Опубликовано в журнале Новый Мир, номер 8, 2013
64. МОДЕЛЬ ДЛЯ СБОРКИ[1]
За что мы все еще любим Кортасара? За Париж и джаз. За легкий, летящий стиль, «пропитанный свингом», за путанный, но незамутненный синтаксис, позволяющий в пределах фразы совмещать разнородные явления: когда смешивается высокое и низкое, грустное и веселое, история искусства и сиюминутные шлягеры, создавая пространство высокого напряжения. Какого угодно — интеллектуального, бытийственного, музыкального…
Книги Кортасара похожи на текстуальный театр, совершающийся в момент чтения. Ну да, как музыка, важная в то время, пока звучит. Попытки перечитывания, как правило, проваливаются — при повторном употреблении волшебные свойства кортасаровской прозы начинают расползаться, подобно старой дерюге: память помнит не сам текст, но наши впечатления от него — густое и стойкое послевкусие. Терпкое, сладостное.

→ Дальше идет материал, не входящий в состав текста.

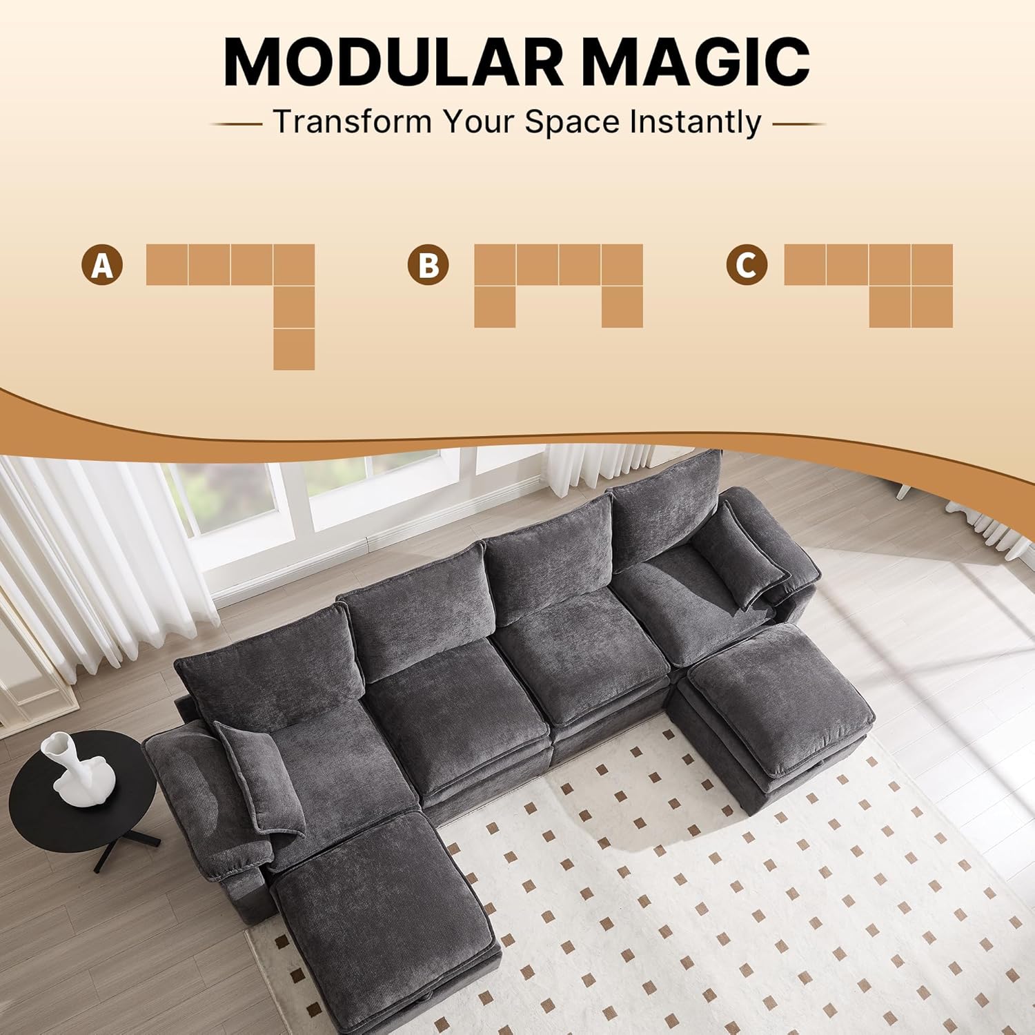 Infinite Layouts: Customizable Modular Design Embrace the freedom of a truly modular sectional sofa where every seat and ottoman is movable. Effortlessly reconfigure your furniture into a U-shaped couch, an L-shaped sectional, or a spacious sleeper-style bed for movie nights. This flexible design adapts perfectly to any living room layout or evolving lifestyle needs.
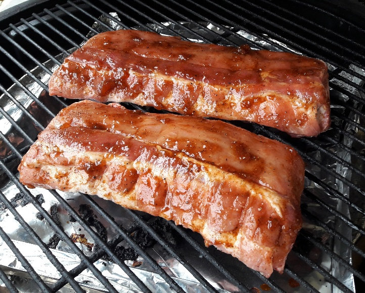 4.5 hrs into it, poured craft honey spicy bbq sauce on em and foiled them up.   Left em on for 30 more mins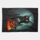 Vampire Cat and Wizard Pumpkin Halloween Surreal Tea Towel

Казалось, что, подобно многим классическим и традиционным авторам, Хулио Кортасар постепенно переходит на полочку юношеской беллетристики: прочитанный в ранние годы, он там навсегда и останется, не выдерживая более поздних обращений.
Все, однако, сложнее и связано с неповторимыми конструкциями этих книг, не похожих друг на дружку (сам Кортасар писал в одном из писем к Ф. Порруа, что, «говоря откровенно, я горю желанием написать другую [книгу], которая всегда — другая, всегда упование, всегда надежда, что именно она искупит вину за все несовершенные книги, которые я сотворил до сего дня…»). Наряду с живым и переливающимся «веществом прозы», именно новизна конструкции каждого отдельно взятого кортасаровского текста и есть важнейший источник информации, впитываемый читателем на бессознательном уровне.

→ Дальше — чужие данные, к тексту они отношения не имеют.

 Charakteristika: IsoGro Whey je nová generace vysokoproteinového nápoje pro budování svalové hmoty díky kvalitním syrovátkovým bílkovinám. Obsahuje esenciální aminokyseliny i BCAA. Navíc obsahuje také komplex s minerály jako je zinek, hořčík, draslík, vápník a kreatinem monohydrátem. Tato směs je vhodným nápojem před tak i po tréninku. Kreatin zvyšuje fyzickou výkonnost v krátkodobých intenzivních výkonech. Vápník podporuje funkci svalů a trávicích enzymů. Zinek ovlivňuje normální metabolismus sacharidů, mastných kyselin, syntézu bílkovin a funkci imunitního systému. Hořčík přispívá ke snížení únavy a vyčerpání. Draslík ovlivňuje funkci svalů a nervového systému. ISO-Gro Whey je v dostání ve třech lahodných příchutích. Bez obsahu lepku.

Нужно ли говорить, что тропы и метафоры, в том числе нарративные, обустраивающие архитектуру произведения, при правильном с ними обращении тоже являются носителями информации? Безусловно, нужно, ибо тогда становится понятной странная одноразовость кортасаровских книг, которые снова хочется сравнить с театром: раскрываясь, занавес выдает тайны сцены, всю ее сценографическую начинку, работающую на впечатление вплоть до финального сигнала и аплодисментов.
Театр тоже не сводится к тексту пьесы и фабульным приключениям, но дышит всей кубатурой художественного пространства, ускользая от четкости конечных определений: зритель исчерпал спектакль, но не исчерпал своих впечатлений, которые теперь (если все в постановке счастливо совпало) можно баюкать в складках памяти.
Каждый раз, желая написать другую книгу, Кортасар предъявляетчитателю очередное структурное изобретение, таким образом, мгновенно теряющее оригинальность и дальше уже не работающее. Или работающее, но вполсилы.
Одной из важнейших тем «Переписки с издателем» являются сетования писателя на трудность нахождения этих самых форм. Письма первой половины 60-х пишутся параллельно строительству «Игры в классики», после которой Кортасар уже физически не способен работать так, как раньше.
Именно поэтому выходящий сборник старых рассказов писатель называет «Конец игры»: «[Издательство] └Судамерикана” анонсирует ее под тем же названием, и наверное, так оно лучше. Ты увидишь, что книга заметно прибавила в весе, но в некотором смысле это уже └посмертное издание”, как ни крути, все, что в ней есть, всего лишь предваряет └Игру в классики”, в какой-то степени она сродни книгам <…> которые издатели, когда маэстро уже отправился к праотцам, собирают из остатков, чтобы люди получили шанс потратить несколько песо и пополнить домашнее собрание его трудов. Даже это невеселое название — └Конец игры” — странным образом оборачивается вдруг эпитафией на могильной плите, не так ли? Но мне оно нравится, недаром я однажды сказал тебе, что теперь намерен посвятить себя живописи и безделью. Через одиннадцать месяцев мне стукнет 50, и пора заняться чем-то серьезным».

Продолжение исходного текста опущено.